### Description of the task
Your answer must be the exact lines of the listing below that run from the line with "T-shirt damski, żółty, z" to the line with "Ulcerative colitis can", ends included, and no pictures.

-- Data supplied follows --

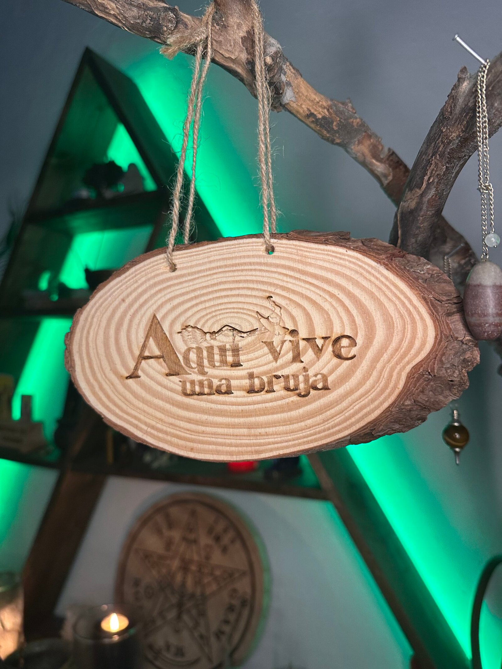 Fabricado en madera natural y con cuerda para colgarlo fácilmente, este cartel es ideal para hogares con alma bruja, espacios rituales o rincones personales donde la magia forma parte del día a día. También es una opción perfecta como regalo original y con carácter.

-- Data supplied concluded --
-- Data supplied follows --

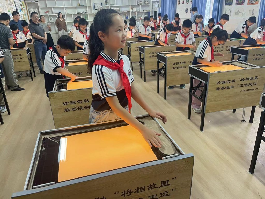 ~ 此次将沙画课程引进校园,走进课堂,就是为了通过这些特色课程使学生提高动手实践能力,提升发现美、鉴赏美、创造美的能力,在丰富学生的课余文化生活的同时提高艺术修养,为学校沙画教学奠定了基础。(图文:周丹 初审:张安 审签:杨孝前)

-- Data supplied concluded --
-- Data supplied follows --

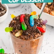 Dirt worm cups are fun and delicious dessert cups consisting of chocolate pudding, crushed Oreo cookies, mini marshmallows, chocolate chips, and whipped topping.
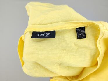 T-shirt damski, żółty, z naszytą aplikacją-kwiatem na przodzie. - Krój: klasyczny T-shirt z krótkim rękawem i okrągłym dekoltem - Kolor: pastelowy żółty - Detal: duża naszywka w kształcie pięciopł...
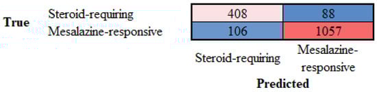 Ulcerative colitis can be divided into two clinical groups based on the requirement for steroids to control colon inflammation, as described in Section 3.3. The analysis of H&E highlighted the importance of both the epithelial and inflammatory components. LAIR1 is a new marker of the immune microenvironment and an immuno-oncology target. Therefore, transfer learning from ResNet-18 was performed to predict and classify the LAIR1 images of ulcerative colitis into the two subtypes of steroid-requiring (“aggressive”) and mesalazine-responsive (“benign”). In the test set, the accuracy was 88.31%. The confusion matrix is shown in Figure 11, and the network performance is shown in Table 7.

-- Data supplied concluded --

### Answer
 T-shirt damski, żółty, z naszytą aplikacją-kwiatem na przodzie. - Krój: klasyczny T-shirt z krótkim rękawem i okrągłym dekoltem - Kolor: pastelowy żółty - Detal: duża naszywka w kształcie pięciopł...
 Ulcerative colitis can be divided into two clinical groups based on the requirement for steroids to control colon inflammation, as described in Section 3.3. The analysis of H&E highlighted the importance of both the epithelial and inflammatory components. LAIR1 is a new marker of the immune microenvironment and an immuno-oncology target. Therefore, transfer learning from ResNet-18 was performed to predict and classify the LAIR1 images of ulcerative colitis into the two subtypes of steroid-requiring (“aggressive”) and mesalazine-responsive (“benign”). In the test set, the accuracy was 88.31%. The confusion matrix is shown in Figure 11, and the network performance is shown in Table 7.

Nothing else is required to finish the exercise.